Posted by Albert Bifet <ab...@waikato.ac.nz>.
Hi Matthieu,

Thanks for your answers! I agree with using double values to store
attribute information. I think we need to define how to maintain the
mapping, as some learners need to know if attributes are discrete or
numeric, in order to learn and do predictions, and how many values  the
discrete attributes have.

Cheers, Albert

On Mon, Jan 26, 2015 at 7:33 PM, Matthieu Morel <mm...@apache.org> wrote:

> - discrete attributes are eventually mapped to double values, and
> that's the appropriate input to instances, in my understanding. My
> idea was to maintain the mapping in the feature extraction step, and
> share it in some way with the processing topology.
>
> - regarding performance in sparse instances, I haven't done any sort
> of benchmark yet. The implementation can be changed while keeping the
> same API.
> From what I see, on the one hand, in the current approach using an
> index array, we have the extra constraints that 1/ this index array
> must be sorted (adds building time), and 2/ we have to do a binary
> search for the index value (log(n)).
> On the other hand, there are some very efficient map implementations
> that we could reuse. For example, CERN's colt package, actually
> already imported in the mahout-collections ASF package.
>
> I hope this answers your questions,
>
> Matthieu
>
>
> On Mon, Jan 26, 2015 at 7:30 AM, Albert Bifet <ab...@waikato.ac.nz>
> wrote:
> > Nice and simple API! Some things to comment:
> >
> > - how can we manage discrete attributes, for example attribute class:
> > "+","-"?
> >
> > - In sparse instances, is the performance of a map similar to the
> > performance of two arrays, one for indices and one for values?
> >
> > Albert
> >
> > On Sat, Jan 24, 2015 at 1:38 AM, Matthieu Morel <
> matthieu.morel@gmail.com>
> > wrote:
> >
> >> I took a shot at drafting a simplified API for instances.
> >> https://github.com/matthieumorel/samoa/tree/new-instances
> >>
> >> As pointed out in this thread, the current API is too exhaustive, too
> >> tied to a specific implementation, and too tied to WEKA/MOA APIs.
> >>
> >> In addition, I feel the header/information does not belong to the
> >> instance. This is something which is used when parsing arff files
> >> where static information about the stream is available from the start.
> >> But for a real streaming use case, we should not make such assumption.
> >> Whatever is known at the begining should be loaded by the topology,
> >> but not included in the instances.
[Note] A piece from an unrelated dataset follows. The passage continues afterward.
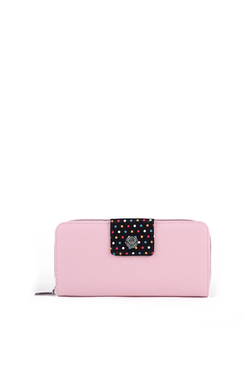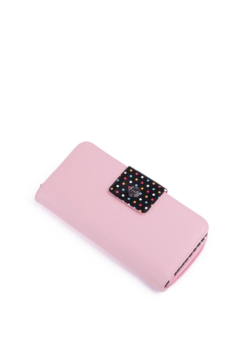 Duży Portfel Damski Na Suwak Kropki Jasnoróżowy Huntress

Arff files can still be loaded and
> >> generate instances in the new format. Only the headers should be
> >> parsed separately.
> >>
> >> This proposal is a draft and single label only. It should be easy to
> >> add functionality suggested by Albert for multi labels.
> >>
> >> Feel free to comment!
> >>
> >> Matthieu
> >>
> >>
> >>
> >>
> >> On Wed, Jan 21, 2015 at 2:31 AM, Albert Bifet <ab...@waikato.ac.nz>
> >> wrote:
> >> > 1/ Learners as decision trees can deal with new instances that arrive
> >> > with more label classes. New instances can arrive with new headers.
> >> >
> >> > 2/ To change class labels dynamically, we need to add a method
> >> > "setValue(int, string)" in the Attribute class to add dynamically new
> >> > attribute values.
> >> >
> >> > 3/ The current design is being compatible with the methods in weka
> >> > instances. It could be nice to have a fresher design. I will need some
> >> > help to have a simplified and fresher design of the instances as I'm a
> >> > bit conditioned by the previous instance usage :)
> >> >
> >> > Thanks,
> >> >
> >> > Albert
> >> >
> >> >
> >> >
> >> > On Wed, Jan 21, 2015 at 2:33 AM, Olivier Van Laere
> >> > <ol...@gmail.com> wrote:
> >> >> Hey Matthieu,
> >> >>
> >> >>> On Jan 20, 2015, at 1:47 AM, Matthieu Morel <
> matthieu.morel@gmail.com>
> >> wrote:
> >> >>>
> >> >>> I'm confused. From what I see the number of classes is currently
> fixed
> >> >>> in the instance header. As if it was static. I suppose you can work
> >> >>> around that limitation with some hacks but I want to use a clean API
> >> >>> for that.
> >> >>>
> >> >>> Or is there a recommended way I'm missing?
> >> >>
> >> >> Ah, I think I remember now what happened. As far as I encountered
> this
> >> situation, the data had say an .arff format with a header stating the
> >> number of class values, and the instance header was read from that,
> while
> >> the instances were then read by the line.
> >> >>
> >> >> I worked around that by just storing the class label seen in the
> >> instances on the fly when building a model, and ignored that field of
> the
> >> instance header. Sorry for the confusion!
> >> >>
> >> >> Cheers,
> >> >> Olivier
> >> >>
> >> >>
> >>
>

Re: New Instances

Posted by Matthieu Morel <mm...@apache.org>.
- discrete attributes are eventually mapped to double values, and
that's the appropriate input to instances, in my understanding. My
idea was to maintain the mapping in the feature extraction step, and
share it in some way with the processing topology.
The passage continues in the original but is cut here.